丙烯是产量仅次于乙烯的重要有机基础化工原料,广泛地用于生产聚丙烯、丙烯腈、环氧丙烷等化工产品,是三大合成材料(塑料、橡胶、纤维)的基本原料。近年来,随着全球经济的不断发展,丙烯下游产品的需求量不断增加。截至2019年底,我国丙烯产能为4061万吨/年,全年丙烯产量约3288万吨。目前,丙烯供应的来源主要是石脑油蒸汽裂解和催化裂化工艺,这两种工艺被认为是油制丙烯生产路线。然而,传统的油制丙烯生产路线技术难以满足市场对丙烯的需求。因此,开发新型定向高效的丙烯生产技术显得尤为重要。丙烷无氧脱氢(PDH)是工业上定向生产丙烯的工艺之一,该工艺相比于传统的油制丙烯生产路线而言,具有丙烯选择性高、原料来源丰富、产物组成简单且易于分离等优势[Chemical Reviews,2014,114(20):10613-10653.]。尤其是近年来页岩气的成功开发,使得丙烷产量持续上升,PDH工艺引起人们的广泛关注。
PDH反应(C3H8→C3H6+H2,ΔH=124.3kJ·mol-1)是一个正向分子数增加的强吸热反应,往往需要在低压高温下才能实现较高的转化率。
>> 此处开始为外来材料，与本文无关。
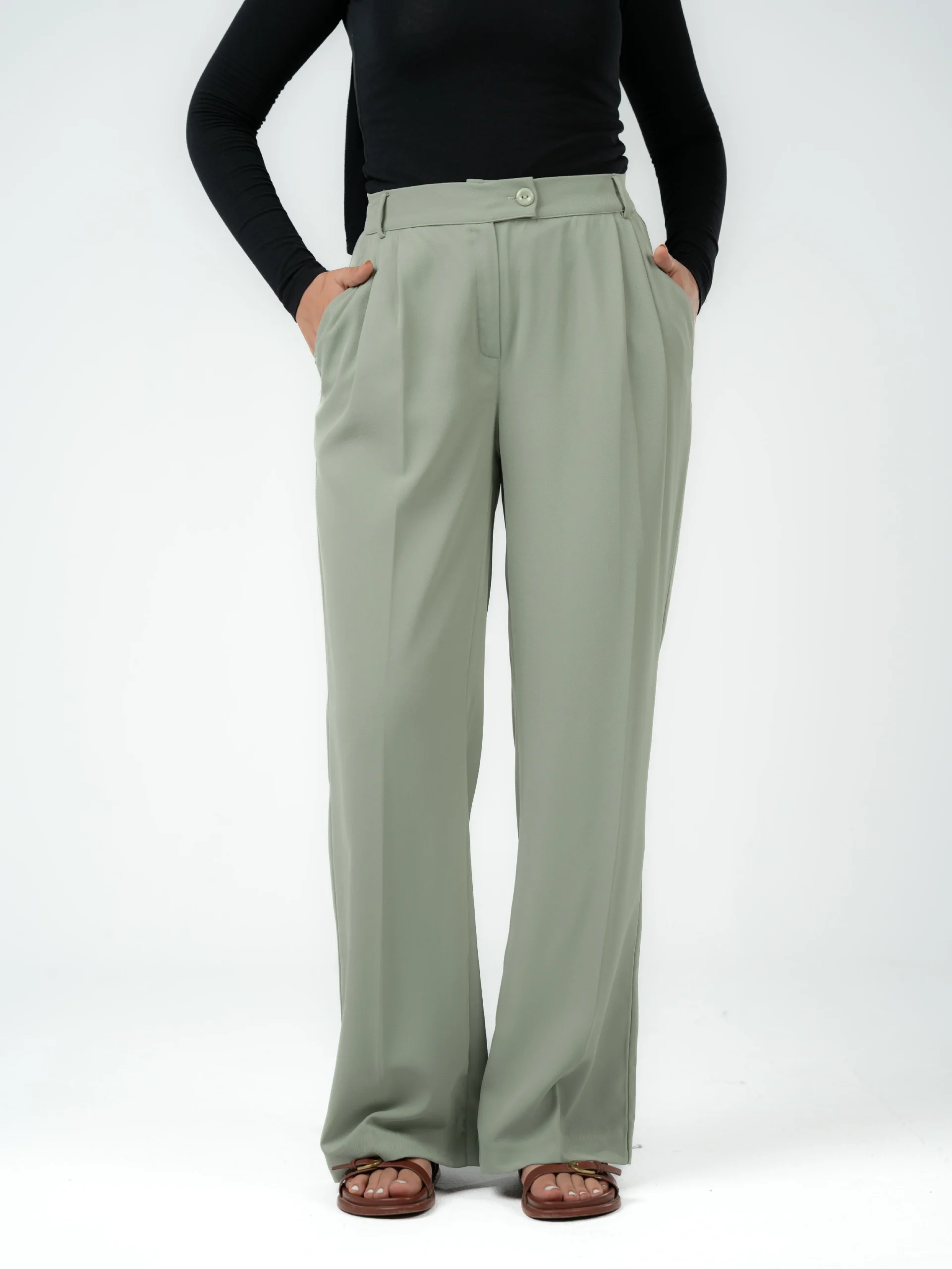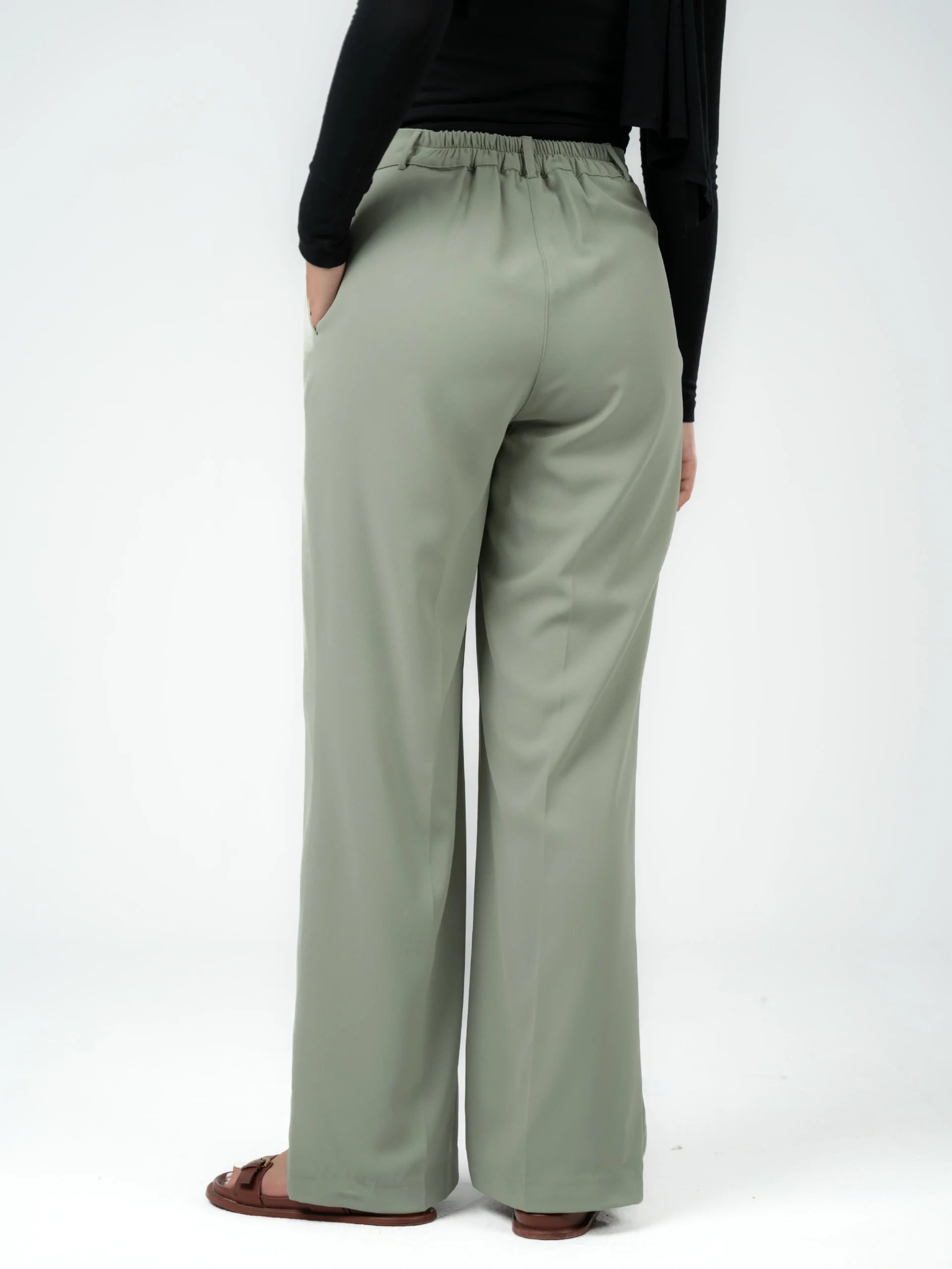 Wide-leg pants with a flowing texture Wide-leg pants are designed with a relaxed fit and a loose leg that moves smoothly with every step. The fabric is lightweight and soft against the skin, making them ideal for summer and everyday occasions. They can be easily paired with a simple top or elegant shirt for a casual or chic look, depending on your style.

目前PDH工艺已经成功地工业化应用,主要有ABB Lummus公司的Catofin工艺、UOP公司的Oleflex工艺、Uhde公司的STAR工艺、Yarsintez公司的FBD工艺以及Linde和BASF公司合作开发的PDH工艺。其中,Catofin和
Oleflex工艺应用最为广泛。Catofin工艺以CrOx/Al2O3作为催化剂,采用绝热固定床反应器。反应过程中,一部分反应器进行脱氢反应,另一部分反应器进行催化剂再生反应,交替循环进行(一个完整的循环需要15~30分钟)以保证丙烯的连续生产。Oleflex工艺使用Pt-Sn/Al2O3催化剂,整个装置采用绝热径向流动床反应器,中间串联预热器为反应体系提供热量,最后一个反应器与催化剂再生装置相连。催化剂在整个装置中流动,再生后的催化剂重新进入第一个反应器(一个完整得循环需要5~10天),整个装置是连续运行,不间断地获得反应产物。
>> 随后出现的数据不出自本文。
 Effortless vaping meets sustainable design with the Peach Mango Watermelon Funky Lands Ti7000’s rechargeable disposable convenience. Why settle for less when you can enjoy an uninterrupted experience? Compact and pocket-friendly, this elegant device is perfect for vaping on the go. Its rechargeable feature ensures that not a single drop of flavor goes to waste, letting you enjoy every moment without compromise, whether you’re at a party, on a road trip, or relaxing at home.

相比于CrOx/Al2O3催化剂,Pt基催化剂的反应活性高,丙烯选择性高且毒性低。然而,Pt粒子在高温条件下容易烧结长大,同时也容易积炭失活,稳定性差,大大降低了设备的生产能力。
催化剂载体的表面性质对非均相催化剂的催化性能有着重要影响,特别是催化剂上的强酸位点会促进催化剂上的焦炭沉积。姜发现高温下催化剂失活主要有两个原因,分别是金属烧结和焦炭沉积[Applied Catalysis A:General,2019,572:1-8]。Al2O3表面的Lewis酸(L酸)位点不仅可以引发焦炭沉积,而且可能将脂肪族类焦炭转化为芳香族类焦炭。中国专利(CN105363472A)公开了利用沉淀法合成的铝酸锌复合氧化物为载体的铂系催化剂,该催化剂初始活性较高,但其稳定性较差,十小时后转化率下降
综上,现有发明中报道的铝酸锌载体基脱氢催化剂,由于存在催化活性低、选择活性不高,且抗积碳能力弱,其纵横性能仍需进一步提高,且目前尚无报道使用过渡金属元素为助剂对铝酸锌载体基的脱氢催化剂进行改性。
发明内容
本发明的目的在于解决现有烷烃脱氢技术中催化剂的抗烧结能力低、选择性差的问题,公开了改性铝酸锌载体和低碳烷烃脱氢催化剂及其制备方法,由这种改性铝酸锌载体制备的催化剂具有丙烷转化率高、产物丙烯选择性高、抗烧结能力强和稳定性好等特点。
本发明通过以下技术方案实现:
第一方面,本发明提供一种改性铝酸锌载体,这种改性铝酸锌载体的化学组成为通式ZnxMyAl2O4,其中,x为0.01~0.99,y为0.01~0.99,且满足x+y=1;M选自碱金属元素、碱土金属元素中的一种或几种;改性铝酸锌载体具有多孔结构,比表面积为10-100m2/g,孔径范围为3nm~30nm,孔容范围为0.1~0.7g/mL。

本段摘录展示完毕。